Iam a bit confused by this statement, I thought that if you are VAT registered then you can claim the paid VAT back a year end, also I thought that as sold trader if you have picked car lease option with private car, you are only entitled to claim for a max of 23K of vehicule cost spread over the x year lease, I may be wrong but the tax people didn't know either.. can anyone confirm/deny/clarify?


----------



## ang1170 (18 Jul 2007)

Graham_07 said:


> I know this may also seem shallow but I sometimes jokingly say to people that I measure my success ( as their accountant ) on the cars my clients drive.


 
Ah, but what about the car YOU drive?

I'd say it's a balancing act. Anything too old/cheap and they'll question your ability.
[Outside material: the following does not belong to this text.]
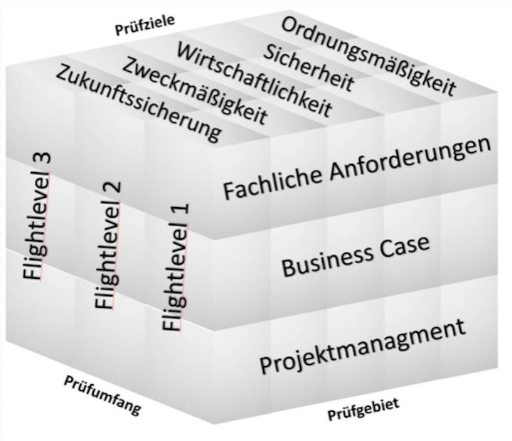 Dieser Würfel hilft insbesondere in der Planung einer Prüfung bei der passenden Justierung von Prüfungsumfang, Prüfungsgebiet und Prüfungsziel. Für einen strukturierten Umgang mit agilen Organisationen kann es helfen, diesen Würfel anzupassen. Hier kann das Modell der Fligthlevel in die Dimension des Prüfungsumfangs integriert werden:
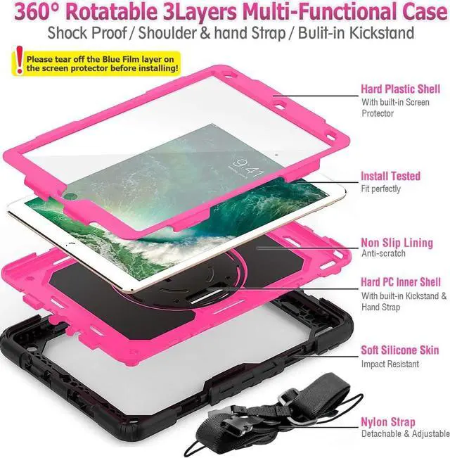 Soft Strap & Portable Shoulder Strap & Rotating Stand: Provide the protection and convenience when you play or work with Pad. Hang it anywhere for your entertainment, makes you using Pad Air 3 2019 / Pro 10.5 case easily. 360 Degrees rotating Kickstand provides convenient viewing, with soft strap, easy to use your Pad in your outdoor travelling, working, gaming with kids.

Anything too new/flashy and they'll question your invoices!

Such tough decisions.....


----------



## Graham_07 (18 Jul 2007)

ang1170 said:


> Ah, but what about the car YOU drive?
> 
> I'd say it's a balancing act. Anything too old/cheap and they'll question your ability. Anything too new/flashy and they'll question your invoices!
> 
> Such tough decisions.....


 
How about something slightly older but flashy...good balance ???


----------



## Ham Slicer (18 Jul 2007)

Does a struggling salesman start turning up on a bicycle? No, he turns up in a newer car - perception, yeah? 

David Brent


----------



## Graham_07 (18 Jul 2007)

Was once told that "when times are good it's very important to dress well and drive a good car, but when times are bad its even more important to dress well and drive a good car"....a note of caution perhaps to any estate agent thinking of downsizing from a Bentley to a BMW.


----------



## Moggy (19 Jul 2007)

Buy a classic car, gut it and kit it out with a new engine and state of the art equipment.  BIKitty BIK.


----------



## Fred66 (19 Jul 2007)

Do any of you know by any chance what is the max tax that can be claimed for a non-commercial car lease for a T/A (non VAt registered)? is it 20% over five years with a cap of 23K or should the full yearly amount paid claimed for? 
And should this be entered as "133. Motor expenses.." or something else..? THX advance for any reponse! ;-)


----------